Wäre es anders, müsste man 10 ml Liquid in Literflaschen verkaufen, weil viele Aromen und Aromenmischungen aus sehr vielen Einzelstoffen bestehen. Es würde aber trotzdem keiner kapieren, was da z.B. mit 4-Allyl-1,2-dimethoxybenzol-Methyleugenol gemeint ist… und niemand könnte abschätzen, ob das vielleicht nicht so gesund ist.

Gäbe es eine solchermaßen detaillierte Deklarationspflicht, wäre das auch das Ende der Liquidbranche, denn die Rezepte sind es, was die Einzigartigkeit bestimmter Liquids ausmacht. Das ist ein Geschäftsgeheimnis… und das soll es auch sein. Wer etwas anderes fordert, der nimmt damit in Kauf, dass der Markt zusammenbricht. Und der ist auch damit einverstanden, dass es keine Weiterentwicklung, keine neuen Geschmackskreationen mehr gibt, denn wer seinen Lebensunterhalt mit Liquidherstellung verdient, hätte dann kaum noch Grund, etwas besonderes zu kreieren.

Dann tauchte in der Diskussion noch die „schlaue“ Behauptung auf, es gäbe bei Rezepturen von Lebensmitteln kein wirkliches Betriebsgeheimnis, man müsse nur bei der Prüfbehörde nachfragen und bekäme die komplette und detaillierte Analyse frei Haus geliefert. Aha… und deshalb gibt es „x“ Colasorten, die eben nicht wie das Original schmecken. Die Hersteller waren bisher zu blöde, einfach mal bei der Behörde das Rezept anzufordern, oder was? Besagter Schlaumeier treibt es dann auch noch so weit, sich quasi eine detaillierte Positivliste für die Inhaltsstoffe zu wünschen. Eine Positivliste im eigentlichen Sinne gibt es zwar nicht, aber es ist ganz klar im TabakerzG definiert, was drin sein darf (§ 13 Abs. 1 Nr. 3): „nur Inhaltsstoffe verwendet werden, die in erhitzter und nicht erhitzter Form kein Risiko für die menschliche Gesundheit darstellen“. Damit ist alles gesagt.
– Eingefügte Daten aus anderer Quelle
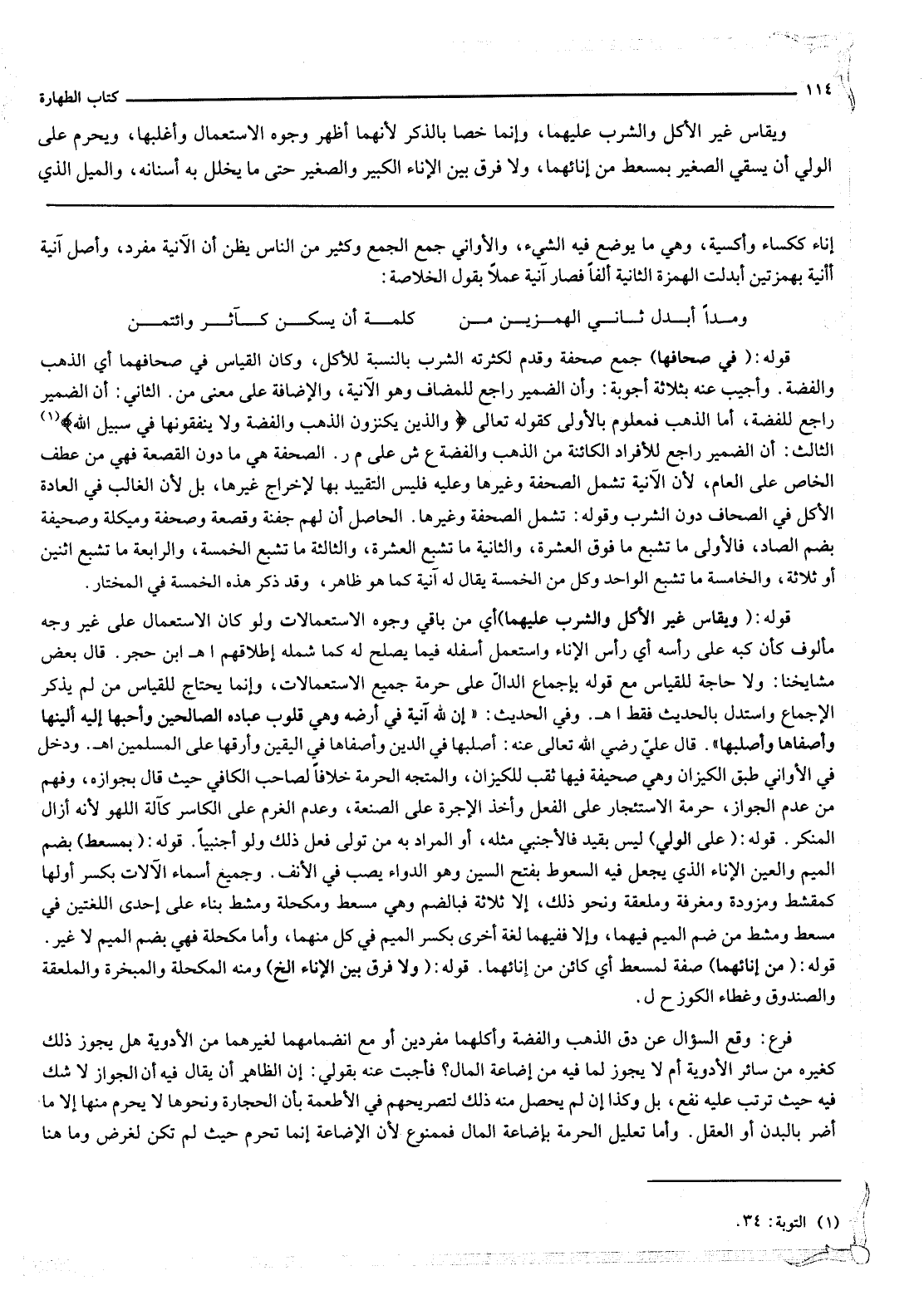قَوْلُهُ: (فِي صِحَافِهَا) جَمْعُ صَحْفَةٍ وَقَدَّمَ الشُّرْبَ لِكَثْرَتِهِ بِالنِّسْبَةِ لِلْأَكْلِ، وَكَانَ الْقِيَاسُ فِي صِحَافِهِمَا أَيْ الذَّهَبِ وَالْفِضَّةِ. وَأُجِيبَ عَنْهُ بِثَلَاثَةِ أَجْوِبَةٍ: الْأَوَّلُ أَنَّ الضَّمِيرَ رَاجِعٌ لِلْمُضَافِ وَهُوَ الْآنِيَةُ، وَالْإِضَافَةُ عَلَى مَعْنَى مِنْ. الثَّانِي: أَنَّ الضَّمِيرَ رَاجِعٌ لِلْفِضَّةِ، أَمَّا الذَّهَبُ فَمَعْلُومٌ بِالْأُولَى كَقَوْلِهِ تَعَالَى {وَالَّذِينَ يَكْنِزُونَ الذَّهَبَ وَالْفِضَّةَ وَلا يُنْفِقُونَهَا فِي سَبِيلِ اللَّهِ} [التوبة: 34] الثَّالِثُ: أَنَّ الضَّمِيرَ رَاجِعٌ لِلْأَفْرَادِ الْكَائِنَةِ مِنْ الذَّهَبِ وَالْفِضَّةِ ع ش عَلَى م ر. الصَّحْفَةُ هِيَ مَا دُونَ الْقَصْعَةِ فَهِيَ مِنْ عَطْفِ الْخَاصِّ عَلَى الْعَامِّ، لِأَنَّ الْآنِيَةَ تَشْمَلُ الصَّحْفَةَ وَغَيْرَهَا وَعَلَيْهِ فَلَيْسَ التَّقْيِيدُ بِهَا لِإِخْرَاجِ غَيْرِهَا، بَلْ لِأَنَّ الْغَالِبَ فِي الْعَادَةِ الْأَكْلُ فِي الصِّحَافِ دُونَ الشُّرْبِ وَقَوْلُهُ: تَشْمَلُ الصَّحْفَةَ وَغَيْرَهَا. الْحَاصِلُ أَنَّ لَهُمْ جَفْنَةً وَقَصْعَةً وَصَحْفَةً وَمِكْيَلَةً وَصُحَيْفَةً بِضَمِّ الصَّادِ، فَالْأُولَى مَا تُشْبِعُ مَا فَوْقَ الْعَشَرَةِ، وَالثَّانِيَةُ مَا تُشْبِعُ الْعَشَرَةَ، وَالثَّالِثَةُ مَا تُشْبِعُ الْخَمْسَةَ، وَالرَّابِعَةُ مَا تُشْبِعُ اثْنَيْنِ أَوْ ثَلَاثَةً، وَالْخَامِسَةُ مَا تُشْبِعُ الْوَاحِدَ، وَكُلٌّ مِنْ الْخَمْسَةِ يُقَالُ لَهُ آنِيَةٌ كَمَا هُوَ ظَاهِرٌ، وَقَدْ ذَكَرَ هَذِهِ الْخَمْسَةَ فِي الْمُخْتَارِ.

Die (in seinen Augen zu kurze) Negativliste der TabakerzV ist auch ausreichend und teilweise sogar zu weit gefasst.

Wer von einer Positivliste träumt, träumt auch vom Ende des Dampfens, denn die würde (zumindest anfangs… und damit über Jahre) die Vielfalt komplett beenden und es bestünde die Gefahr, dass wichtige Zutaten vorsätzlich ausgeklammert würden, um den Erfolg des E-Dampfens zu behindern.

Insgesamt ist es derzeit nicht besonders schlau, von Verbraucherorganisationen für das E-Dampfen Engagement bezüglich der Deklarationspflicht zu fordern. Es gibt ganz andere Baustellen, um die sich die Verbände kümmern müssen. Die Einschläge kommen immer näher, in EU-Ländern werden Aromenbeschränkungen und umfassende Aromenverbote durchgesetzt, die eventuell auch Eingang in die TPD3 finden können, auch Leistungsbeschränkungen für mobile Liquidvernebler sind im Gespräch, Steuern, um die Menschen vom Dampfen abzuhalten, Handelsbeschränkungen (Versandhandelsverbote, Verbot des grenzüberschreitenden Handels), und weitergehende Dampfverbote. Das sind Dinge, die auf der Türschwelle stehen und die mit den Hufen scharren… DAS sind die Dinge, um die sich die Verbände kümmern müssen. Wenn das schief geht, ist das Dampfen faktisch gestorben und dann braucht es auch keine Inhaltsstofflisten, die einen halben Meter lang sind, mehr. Und… die Inhaltsstoffe sind schon sehr gut geregelt… einen absoluten Schutz von womöglich nicht vollkommen unbedenklichen Inhaltsstoffe kann jeder ganz einfach selbst erreichen: einfach mit dem Dampfen aufhören.

Die Deklarationsfanatiker mögen nur eine kleine Gruppe sein, aber sie machen trotzdem „Lärm“. Und damit spielen sie den Gegnern des Dampfens nebenbei noch in die Karten und liefern diesen weitere Argumente.

Und wem dieses Thema wichtig ist, der ist bei den Konsumentenverbänden derzeit falsch aufgehoben… der sollte sich an Verbraucherschutzorganisationen wenden… und dabei bedenken, dass daraus die Zerstörung des E-Dampfens resultieren kann.

Wem es aber um die Zukunft des Dampfens geht, dem sei geraten, sich einem der Verbände anzuschließen!